▸ **TASK DATA**:
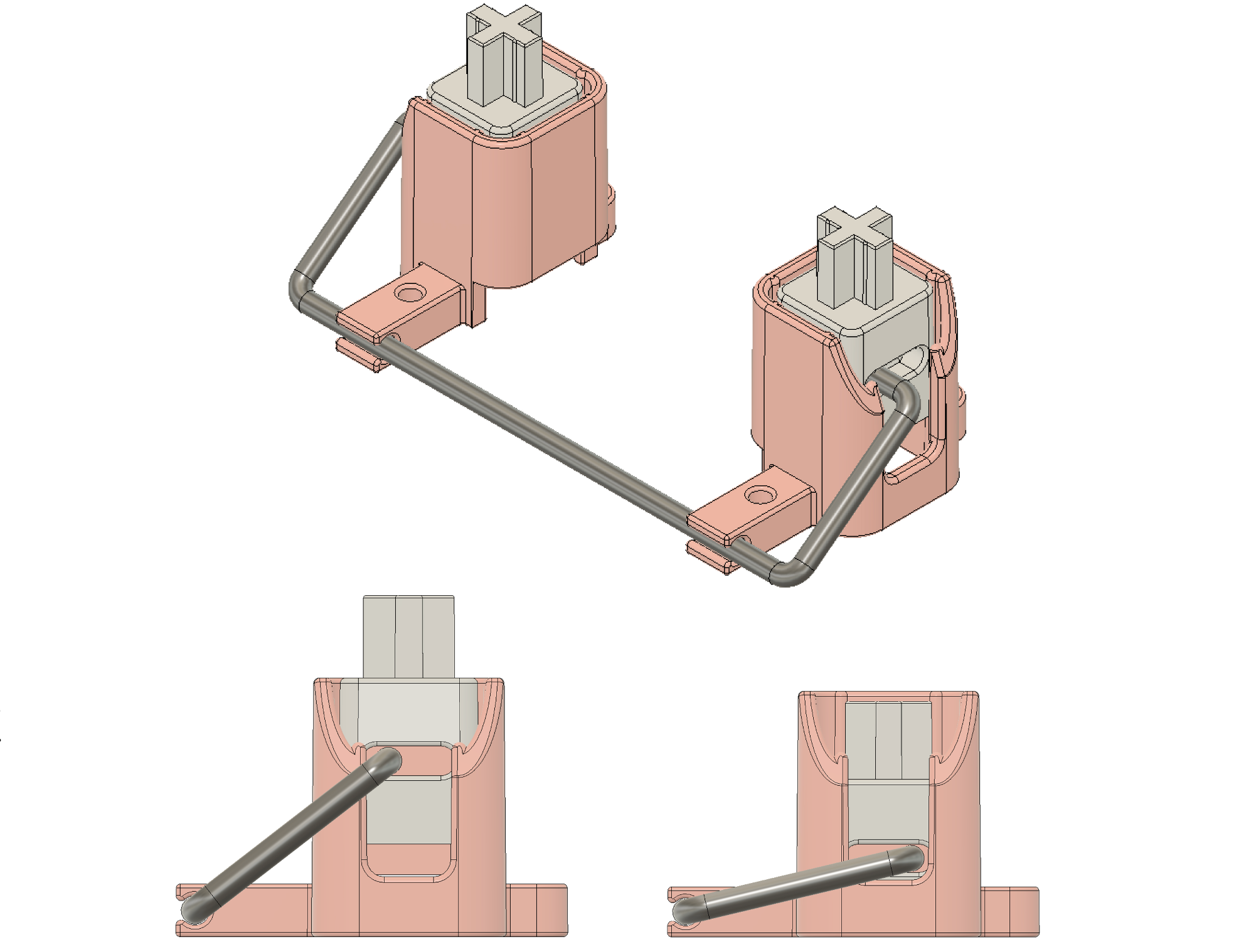With a sufficiently polished mold and shiny surface finish for the rubber overmold on the wire, it was actually possible to get decent acoustic behavior out of this approach. Putting one's ear close to the stabilizer in operation, however, a bit of squeak was perceptible. This could be mitigated with a dry graphite lubricant, but that would likely wear away with time and defeat the whole purpose of lubricant-free stabilizers. I was also concerned about the rubber abrading over time and a corresponding degradation of performance. Ticking was also still present, of course, since there was no rubber between housing and slider or wire, and I had learned previously that adding it would introduce drag and binding. Another issue we encountered was that the process of overmolding the rubber onto the wire would slightly—and unreliably/randomly—throw the wire dimensions out of tolerance, leading to yet another elusive source of binding.
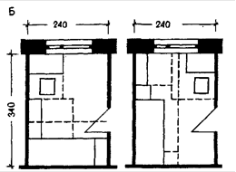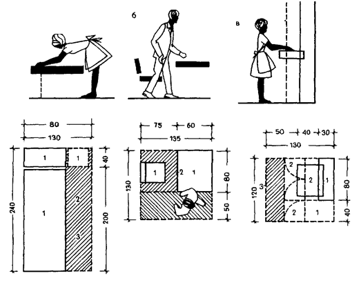 Итак - зона бытового процесса - это пространство, в котором осуществляется тот или иной процесс жизнедеятельности, имеющее условные границы. Параметры пространства устанавливают на основе антропометрических и эргономических требований. В соответствии с этим предусматриваются: постановочная часть зоны, т.е. пространство, на котором размещается необходимая для данного процесса мебель, или иное оборудование; рабочая часть зоны - пространство, которое необходимо для открывания дверец шкафа, отодвигания кресел, стульев и пр.; резервная часть площади зоны - пространство для человека - как обязательное условие удобного осуществления бытового процесса. Использование зон в качестве расчетных элементов формирования помещений можно видеть на примерах рис.7, Б. Поскольку зоны обладают определенной самостоятельностью, их можно комбинировать и располагать различным образом относительно друг друга, но в соответствии с требованиями их функциональной взаимосвязи, освещения, привязки к стенам, месту окон и дверей в помещении. При необходимости возможно совмещение зон, но только в части резервных площадей. В любом случае должны сохраняться минимальные размеры между крайними предметами мебели соседних зон.
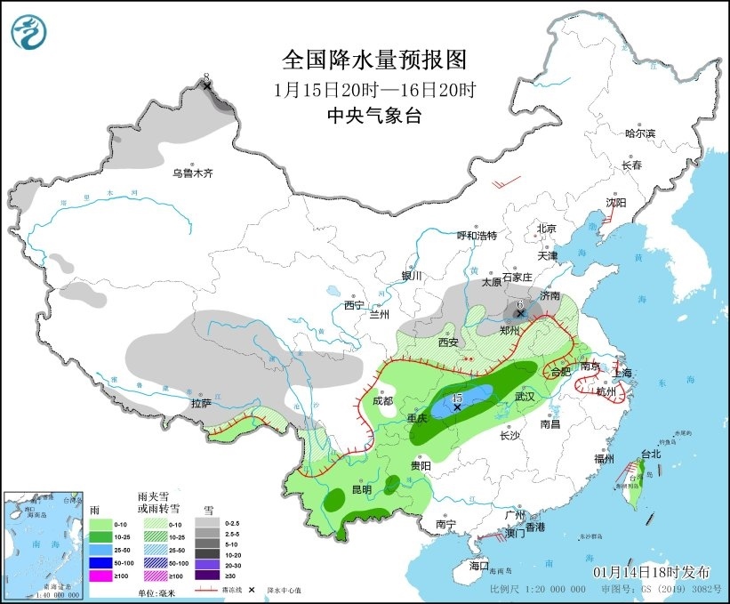 1月14日20時(shí)至15日20時(shí),新疆北疆西北部、西藏東部、甘肅東部、陜西、山西南部、河南等地的部分地區(qū)有小到中雪,其中新疆阿勒泰、陜西南部、河南西部等地的部分地區(qū)有大雪,局地暴雪(10~12毫米),陜西南部、湖北西北部局地有凍雨;西南地區(qū)東部、江漢中西部、江南西部和東北部、廣西西部和北部、云南南部、海南島等地有小到中雨,其中重慶中北部等地局地有大雨(25~35毫米)。山東半島、江南東北部、西藏等地的部分地區(qū)有4~6級風(fēng),其中浙江東部沿海、西藏中部的部分地區(qū)風(fēng)力可達(dá)7級以上(見圖1);臺(tái)灣海峽有7~8級、陣風(fēng)9級的東北風(fēng),黃海、東海大部、南海中北部和西南部有5~7級風(fēng),陣風(fēng)8級。
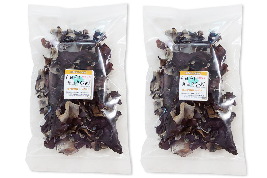 太陽の恩恵を受けた山梨県産の天日干し乾燥きくらげ! 【太陽パワー】天日干し乾燥きくらげ 45gx2袋 [山梨げんき農園 山梨県 韮崎市 20742271]
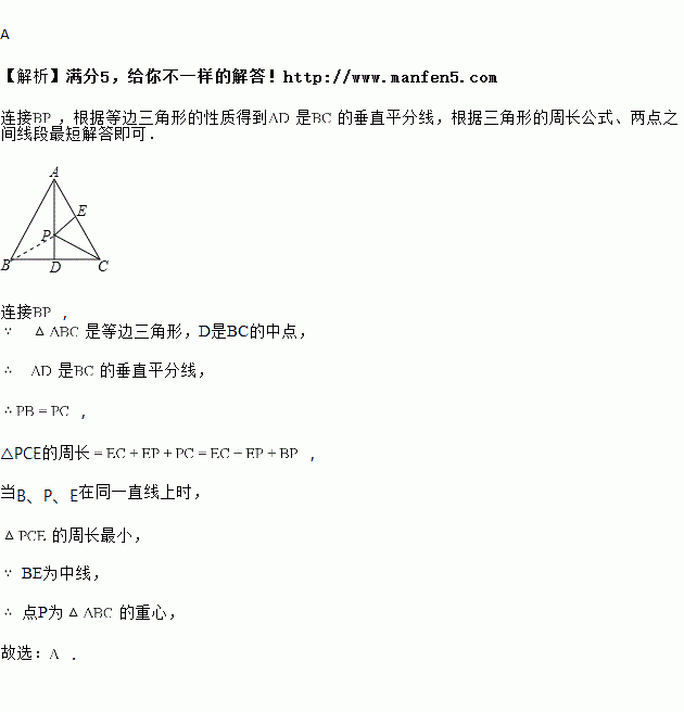 如图所示,在等边△ABC中,D,E分别是BC,AC的中点,点P是线段AD上的一个动点,当△PCE的周长最小时,P点的位置在( )

▸ **TASK STATEMENT**:
All that is needed here is the run of lines from the one containing "太陽の恩恵を受けた山梨県産の天日干し乾燥きくらげ! 【太陽パワー】天日干し乾燥きくらげ 45gx2袋" through the end of the material above, reproduced exactly and without pictures.

▸ **OUTPUT FOR THIS TASK**:
 太陽の恩恵を受けた山梨県産の天日干し乾燥きくらげ! 【太陽パワー】天日干し乾燥きくらげ 45gx2袋 [山梨げんき農園 山梨県 韮崎市 20742271]
 如图所示,在等边△ABC中,D,E分别是BC,AC的中点,点P是线段AD上的一个动点,当△PCE的周长最小时,P点的位置在( )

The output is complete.